As early as 2016 the UN’s Human Rights Council had already expressed concerns about the trend in funding restrictions. The Carnegie Endowment for Peace’s Thomas Carothers, an expert in the field, describes the attacks on foreign funding as the “leading edge of wider crackdowns on civil society”.

Across the globe, activists are operating in increasingly dangerous conditions: they face threats, physical assaults and assassination. In April the head of the international organisation CIVICUS declared called the situation of civil society a “global emergency”.

In the Hungarian government’s approach, the “foreign” tag is a stigma for both the funders and the NGOs, according to the group Transparency International. It implies that “everything that is ‘foreign’ is necessarily against the Hungarian nation” and might be representing foreign interests

For Amnesty International, the bill has echoes of the draconian foreign agents law adopted under Russian President Vladimir Putin, which has restricted, closed down or silenced almost 150 Russian human rights and social justice organisations since 2012.

As noted in 2013 by Maina Kiai, UN Special Rapporteur on the rights to freedom of peaceful assembly and of association, the Russian term for “foreign agent” is synonymous with the phrase for “foreign spy”.

The 2012 Russian law ushered in increasingly harsh legal measures against civil society organisations, including a 2015 “undesirables” law that allows organisations to be banned and individuals fined or imprisoned for violating the foreign agents law.
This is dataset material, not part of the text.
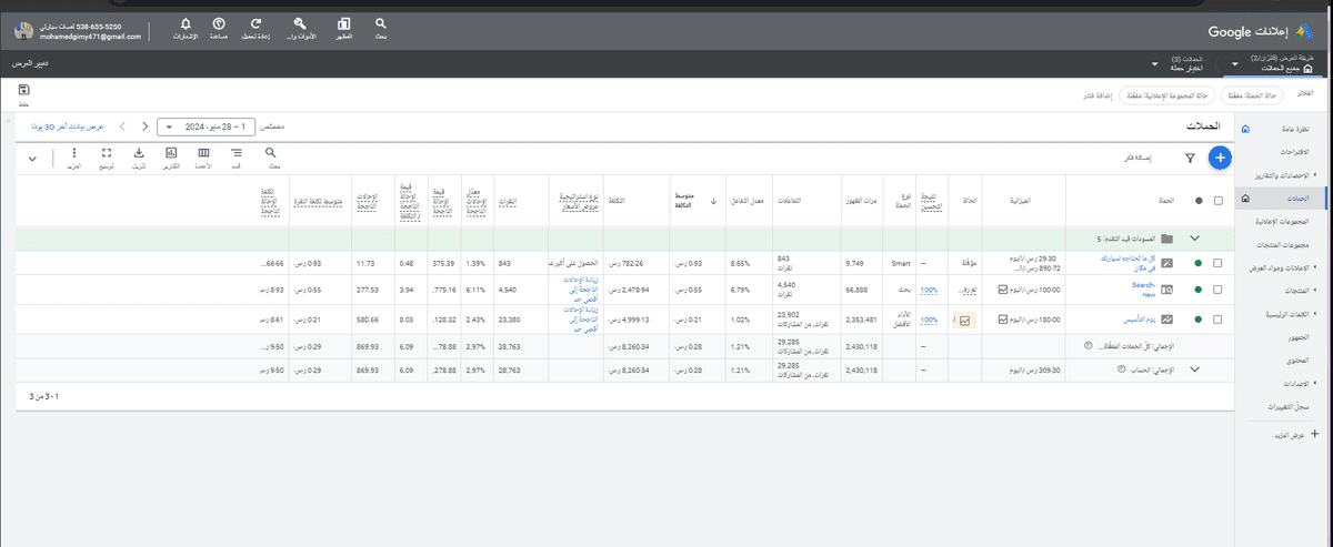 نتائج الحملات الاعلانية من خلال جوجل asd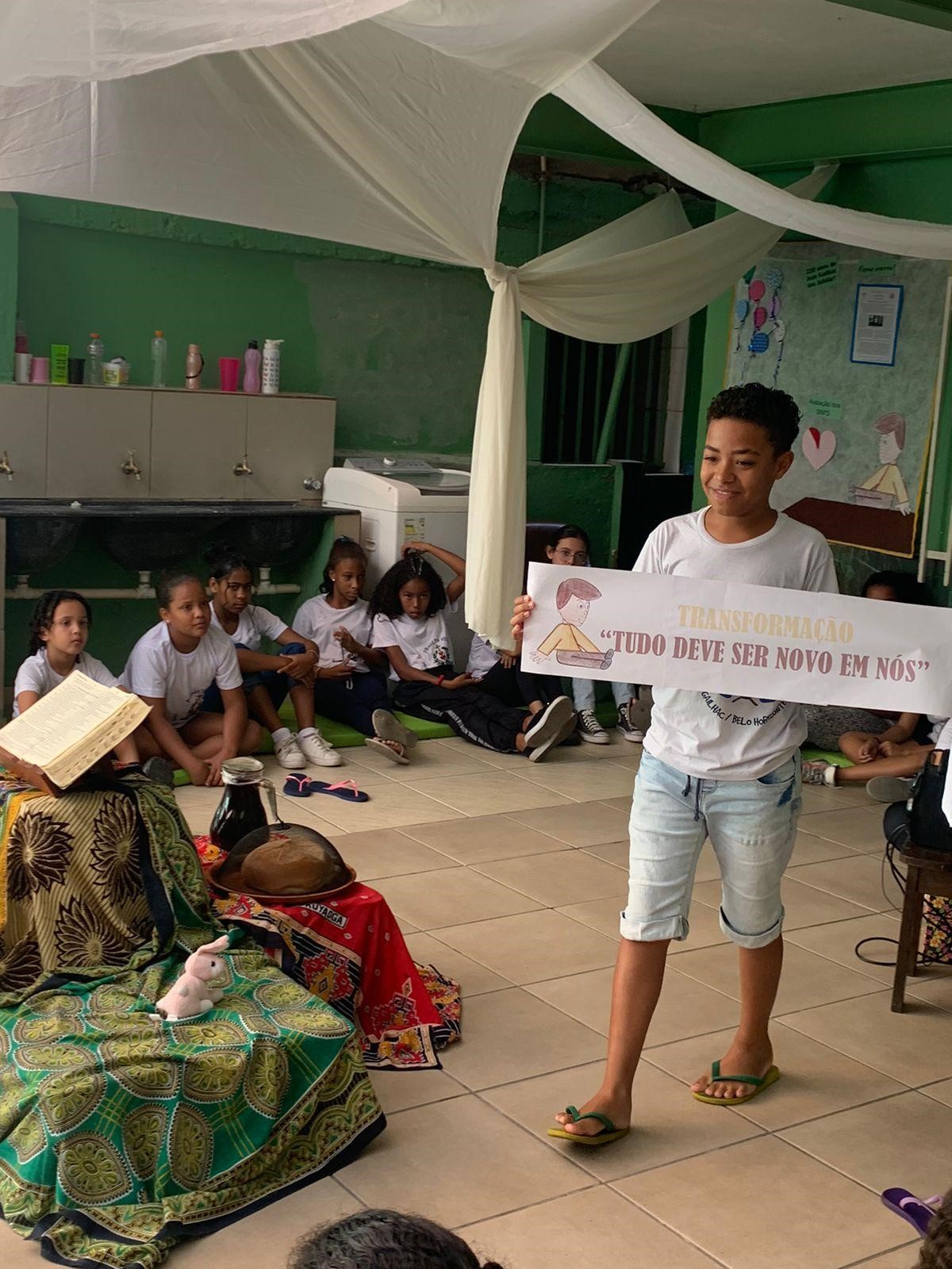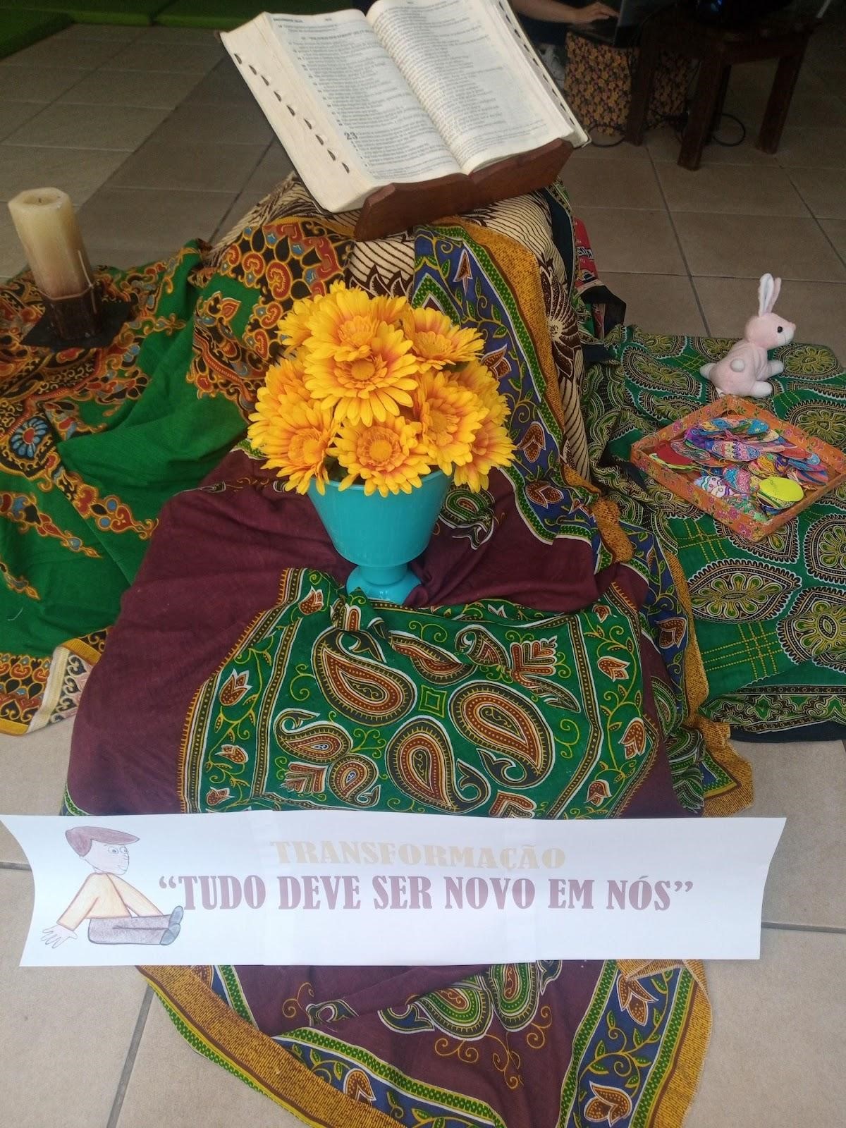 Transformação “Tudo deve ser novo em nós”, foi uma das motivações para a celebração da Páscoa na Unidade.  A frase de Pe. Gailhac nos provocou… Páscoa é um momento para rever posturas, ideias, conceitos, repensar atitudes e se aventurar rumo a caminhos onde reina a empatia, a equidade e a fraternidade. A celebração foi realizada debaixo de uma tenda, fazendo menção à passagem bíblica Mateus 17:4. O momento foi muito significativo, simbólico e lúdico. Refletimos sobre os símbolos Pascais e seus significados, o olhar religioso e o comercial.

Seven non-profit organisations have since been declared “undesirable”, including The National Endowment for Democracy, Open Society Foundations, International Republican Institute and the National Democratic Institute for International Affairs, and, in April 2017, an organisation run by former Russian prisoner of conscience Mikhail Khodorkovsky.

The European Union reacts

The European Commission and European Parliament vice president both expressed concerns about the Hungarian law’s incompatability with EU laws when it was in draft form.

Prior analysis jointly carried out by the European Centre for Non-Profit Law and the Hungarian Civil Liberties Union, among other NGOs, argued that the draft law violates EU law on anti-money laundering and terrorist financing, as well as provisions enabling the free movement of capital.

The government had “provided no evidence”, it asserted, that NGOs were at risk of money laundering or terrorist financing or demonstrated that existing national transparency measures are inadequate.

Viktor Orban defends his draft law in front of the European parliament on April 26. Eric Vidal/Reuters

Despite all evidence to the contrary, Viktor Orban has repeatedly reiterated that the NGO law was intended to promote increased transparency, saying it follows the example of an American law.

But as Human Rights Watch noted, this argument, which Russia also invoked in 2012, refers to the US Foreign Agent Registration Act, which “covers those organisations and individuals that operate ‘under direction and control of a foreign principle’”. It does not relate to advocacy-oriented NGOs with international donors.

The law’s passage puts the EU in a bind. A member state has now severely weakened the rights to free speech and association.

In engaging with the Hungarian government over the past months, including, in April, when announcing infringement proceedings after the Higher Education Law that targeted the Central European University, the Commission and European Parliament have emphasised the importance of these fundamental freedoms.

But if the bloc is to continue to claim that it is a union based on democratic values, it will have to do more than just voice concerns. Failure to protect and defend democracy within its own borders will undermine the EU’s credibility to do so elsewhere in the eyes of its own citizens, and that of the world.